Not for the first time then in the world of technological advances, it is the human factor that presents the biggest challenges to the widespread application of blockchain technology. Ensure that people are prepared to work together and you’re halfway towards the goal.

Get parties to cooperate,” says Klara. “Furthermore, Blockchain is very secure, according to the present state of technology. The information is stored in a safe way, however is the information right? Blockchain is dependent of the Internet of Things. The data that is fed to it is collected with sensors. As an analogy, you register a bag of coffee and monitor its movements. What happens if somebody replaces the coffee with drugs? You still have the information that you are transporting a bag of coffee.”

‘direction of travel’

Some of the world’s biggest names – think IBM, Visa, Microsoft – are already using blockchain in operations. Indeed, it is also being increasingly utilised within the vast North American rail freight industry. But with freight rather than passenger trains very much king in the USA, that is a very different model and any comparison cannot be seen as like-for-like. This is supported by studies like the one by International trends analyst BuiltWith, which says that 80 per cent of the world’s blockchain customers are still in the USA.

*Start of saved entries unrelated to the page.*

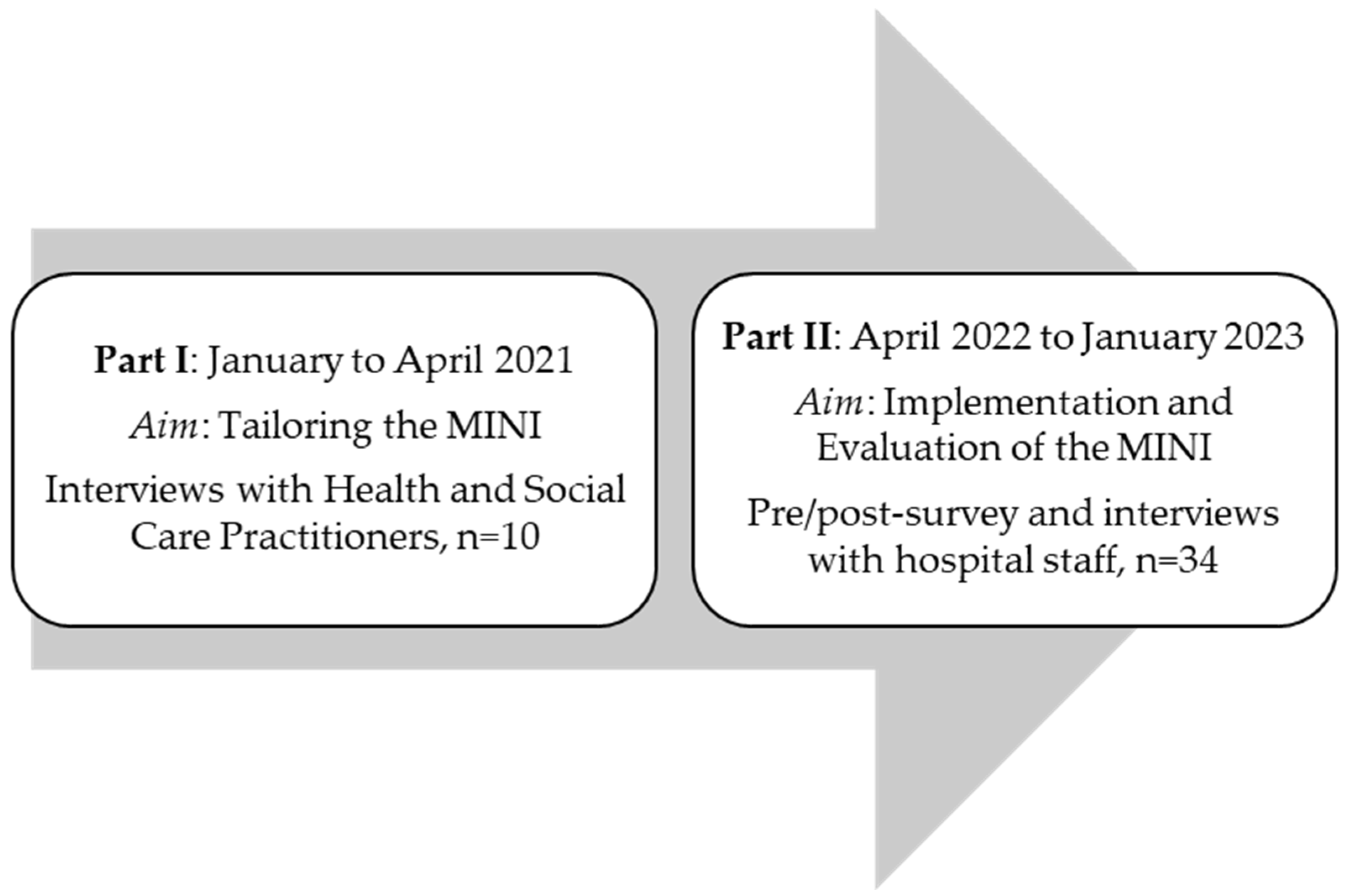 A distinction is made between two groups of participants (see Figure 1). The first group consists of those who were interviewed to tailor the intervention to the specific inpatient settings (I). The second group consists of university hospital staff who received the intervention, including a training session and subsequent application, and were later evaluated (Phase II). The participants in part I were health and social care practitioners (HSCPs) providing care for patients in their last year of life. These practitioners were sampled from January to April 2021 and were recruited using a purposive sampling strategy. The participants in part II were hospital staff from two hospital wards at the University Hospital Cologne. These included the gynecology ward, including its outpatient clinic, and an internal medicine ward. Most of the patients were treated for illnesses related to oncology and nephrology. The hospital staff had agreed to attend a Minimally Invasive Intervention (MINI) training. These participants were sampled from April 2022 to January 2023. Information regarding the training was disseminated through the hospital’s newsletter and through announcements by the research team and senior physicians.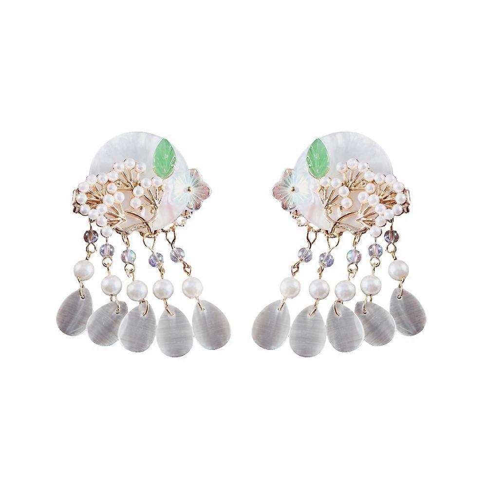Vintage Hair Clips Alloy Hair Shell Pearl Barrette Chinese Style Bobby for Woman (Golden)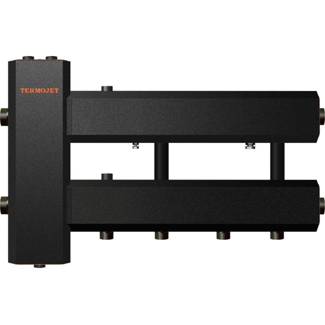 Коллектор с гидрострелкой Termojet КГС22Н.125 (200) с выходами вниз. Коллектор используется в системах отопления, в которых необходимо распределить теплоноситель на несколько потребителей тепла с разными параметрами. В данный вид распределительных коллекторов встроен гидравлический разделитель ГС - 26 для обеспечения более лёгкого монтажа и экономии свободного пространства в котельной. В комплект поставки входят крепления к стене.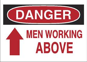 Machine and Operational Signs: DANGER - MEN WORKING ABOVE (w/UP ARROW), Each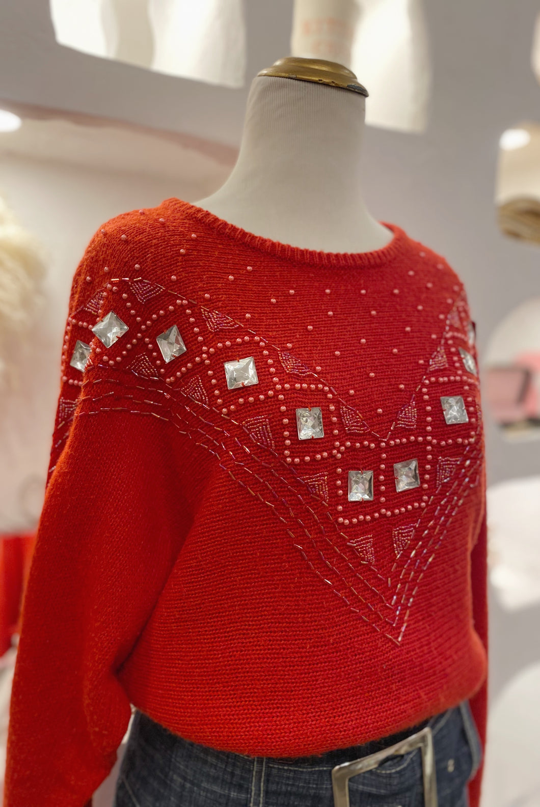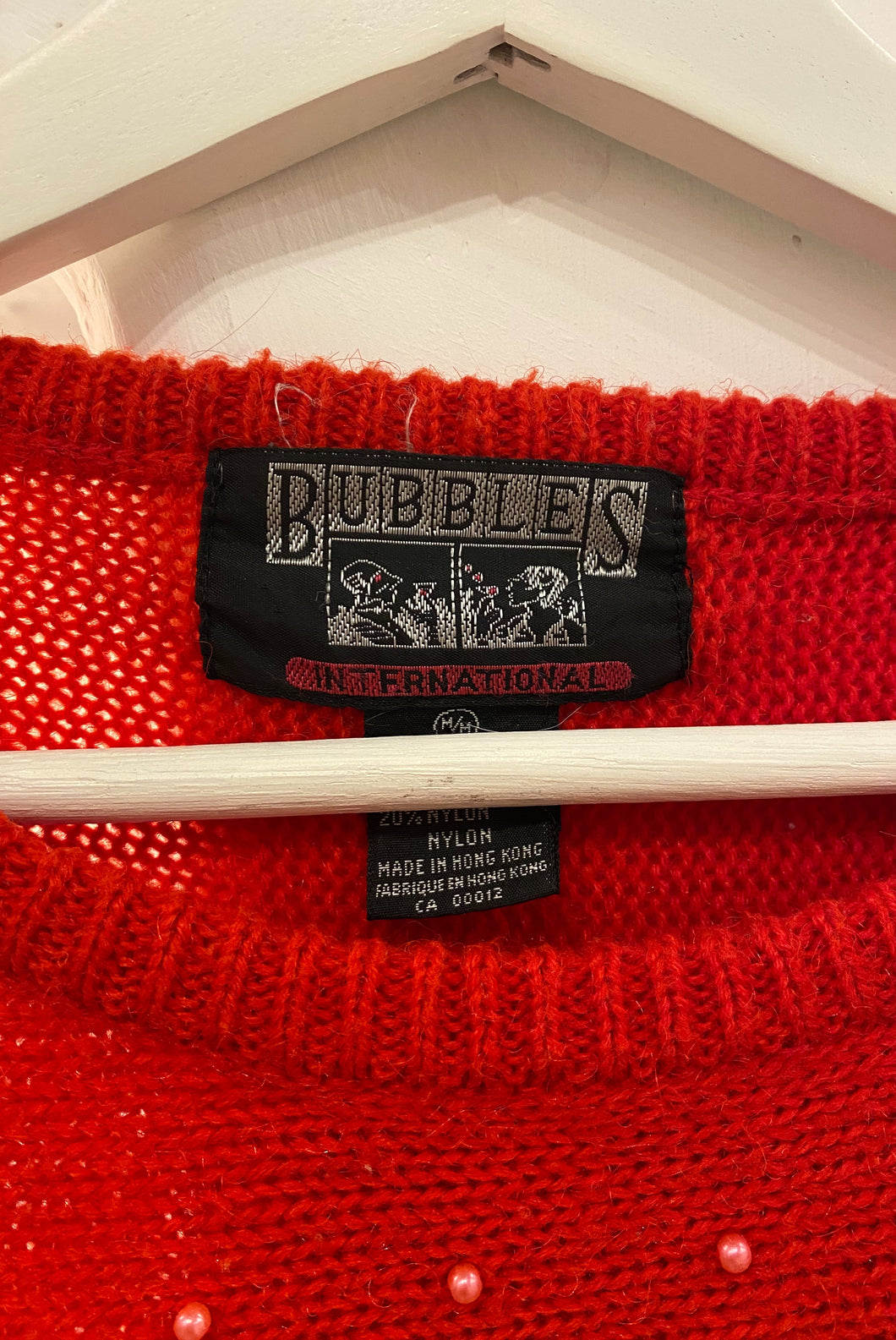 Retro knit cardigan with beaded and embellished details and dolman sleeves by Bubbles International. Made in Hong Kong. Size medium.

In Europe it is not surprising then that many supply chain stakeholders in rail freight remain unsure about why they should be embracing it. But as logistics links with Asian rail and business partners continue to grow, that should only become easier. So while more work is still needed to project the right messages, Klara says that the direction of travel is clearly set.

“Twenty years ago you could not imagine the world with internet. Now we can not imagine it without. Try to work one day without internet. You are cut off from the world, it is like missing a limb. Blockchain is coming, whether we like it or not. It is too late to put the genie back to the bottle,” she adds.

She poses some key questions: is your company prepared for it? How blockchain-proof is your business model? Could you be pushed out of the market? Does your company have enough knowledge to keep up?

“This might not sound very reassuring, but these are the questions that companies should be asking themselves,” adds Klara. And what would her one key message be? “Blockchain does not work miracles, but you cannot overlook it anymore.”